Nah man, just get into B2B sales or something and just schedule everything for after lunch. That's what i do when i want to hunt.


----------



## ebrauns23 (Oct 14, 2015)

TireKicker said:


> What area of East Texas would that be?



Austin...i suppose more central..Texas is so big, i dont know where east stops and middle begins.


----------



## TireKicker (Oct 14, 2015)

ebrauns23 said:


> Austin...i suppose more central..Texas is so big, i dont know where east stops and middle begins.
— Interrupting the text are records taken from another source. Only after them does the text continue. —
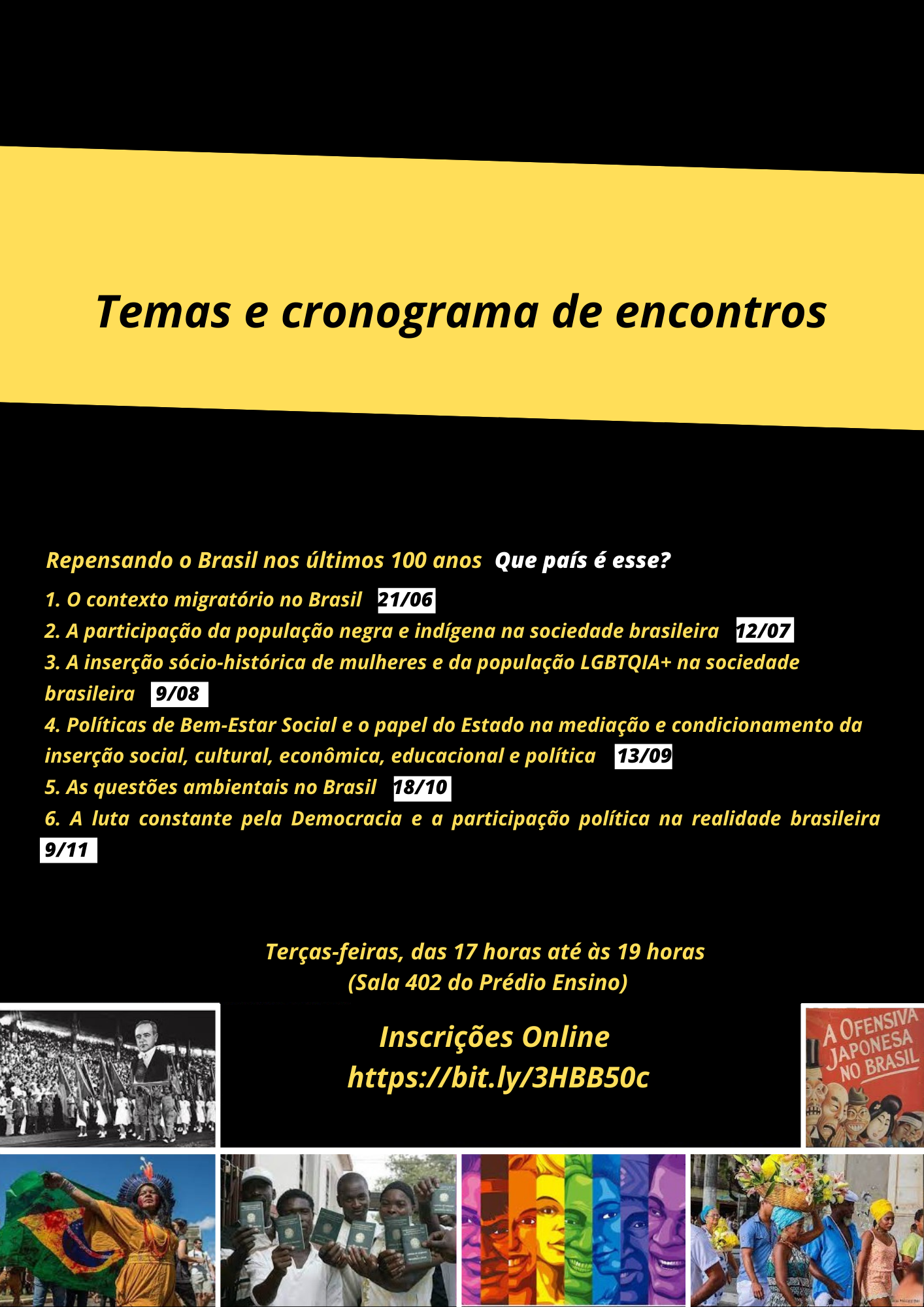 O projeto de extensão “Que país é esse? Repensando o Brasil nos últimos 100 anos, inicia nesta terça-feira (21), propondo a discussão do contexto migratório no Brasil.
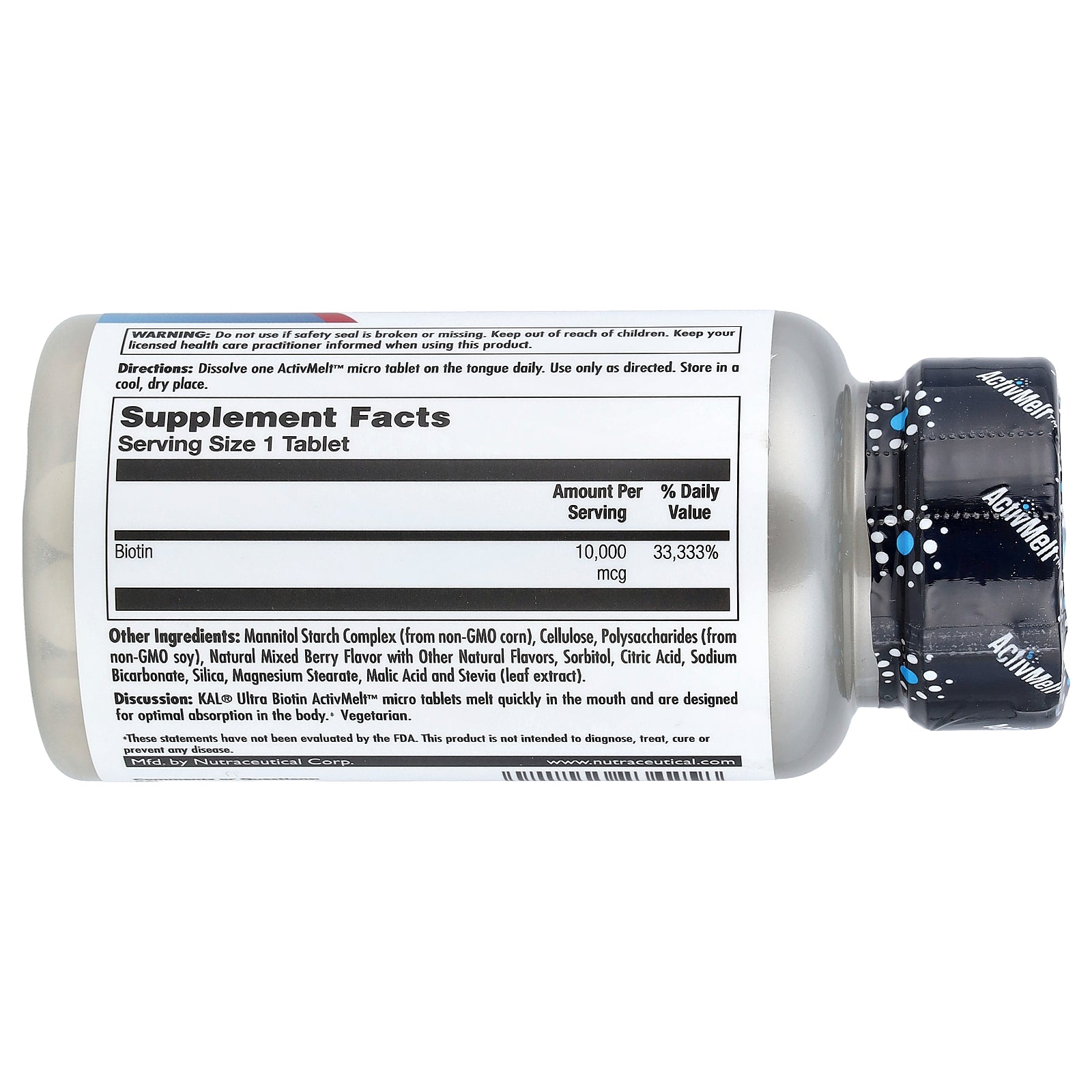 Discussion: KAL® Ultra Biotin ActivMelt™ micro tablets melt quickly in the mouth and are designed for optimal absorption in the body.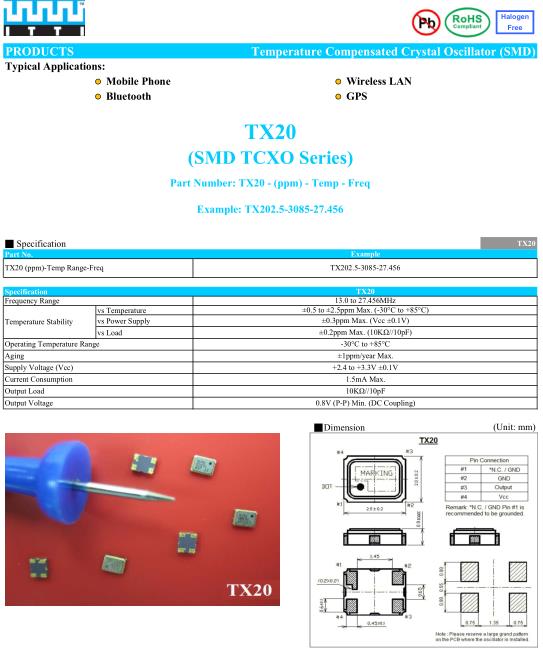 ITTI晶振,TX20晶振,TX202.5-3085-24.000晶振,有源晶振,是指晶體本身起振需要外部電壓供應(yīng),起振后可直接驅(qū)動CMOS集成電路,產(chǎn)品本身已實(shí)現(xiàn)與薄型IC(TSSOP封裝,TVSOP封裝)同樣的1mm厚度,斷開時的消費(fèi)電流是15µA以下,編帶包裝方式可對應(yīng)自動搭載及IR回流焊接(無鉛對應(yīng))產(chǎn)品有幾種電壓供選1.8V,2.5V,3V3.3V,5V,以應(yīng)對不同IC產(chǎn)品需要.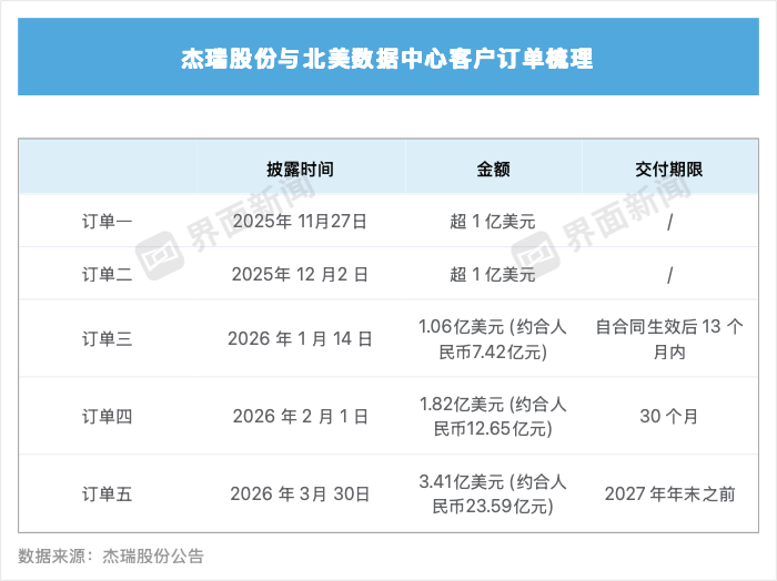 3月30日,界面新闻记者以投资者身份致电杰瑞股份证券部,相关工作人员称,数据中心用的发电机组销售业务自2025年11月才开始有订单。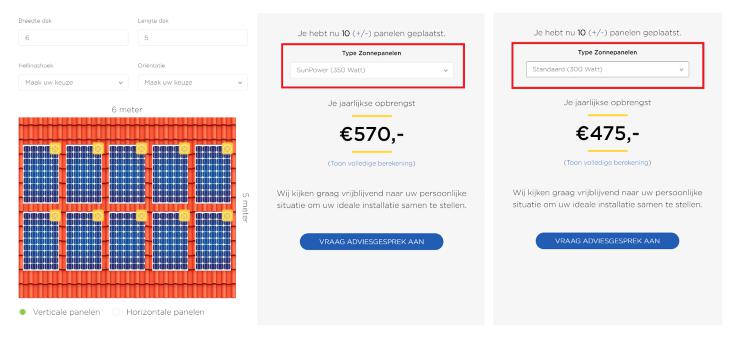Deze vergelijking is voor uw eigen dak terug te vinden via onze online rekentool. We vergelijken twee verschillende panelen, gesitueerd op uw eigen dak. Op deze manier krijgt u een goeie indicatie van wat de besparing kan zijn met twee verschillende merken panelen.

Don't know anything about that area. From Galveston to Matagorda,  I'm your Huckleberry


----------



## MudDucker (Oct 15, 2015)

Been doing something to get ready nearly every day.  Wish I was in Canada or Alaska now!


----------



## maconbacon (Oct 15, 2015)

yep all this down time with the season so close on the horizon just makes the itch even worse and just means I buy more decoys and gear...


----------



## ebrauns23 (Oct 15, 2015)

TireKicker said:


> Don't know anything about that area. From Galveston to Matagorda,  I'm your Huckleberry



Im hoping to hunt the coast this year, ive heard alot of good things.


----------



## Uptonongood (Oct 15, 2015)

If you go out west or up to Canada and have an epic trip, well, it'll just increase the pain when you're back down this way.  Then your focus shifts to getting back there every year for longer trips.  It took me 50 years before the flame burned down to a small, dim ember.


----------



## TireKicker (Oct 15, 2015)

ebrauns23 said:


> Im hoping to hunt the coast this year, ive heard alot of good things.



Shoot me a PM before you go and maybe i can help you out.


----------



## rnelson5 (Oct 16, 2015)

TireKicker said:


> Shoot me a PM before you go and maybe i can help you out.



same here depending on what area of the coast you decide to go i may be able to help


----------



## ebrauns23 (Oct 18, 2015)

TireKicker said:


> Shoot me a PM before you go and maybe i can help you out.



Will do, i appreciate the help.


----------



## ebrauns23 (Oct 18, 2015)

rnelson5 said:


> same here depending on what area of the coast you decide to go i may be able to help



Thanks, i will be in touch if I make it out


----------



## Core Lokt (Oct 20, 2015)

Boat is ready, now on to washing and painting decoys...


----------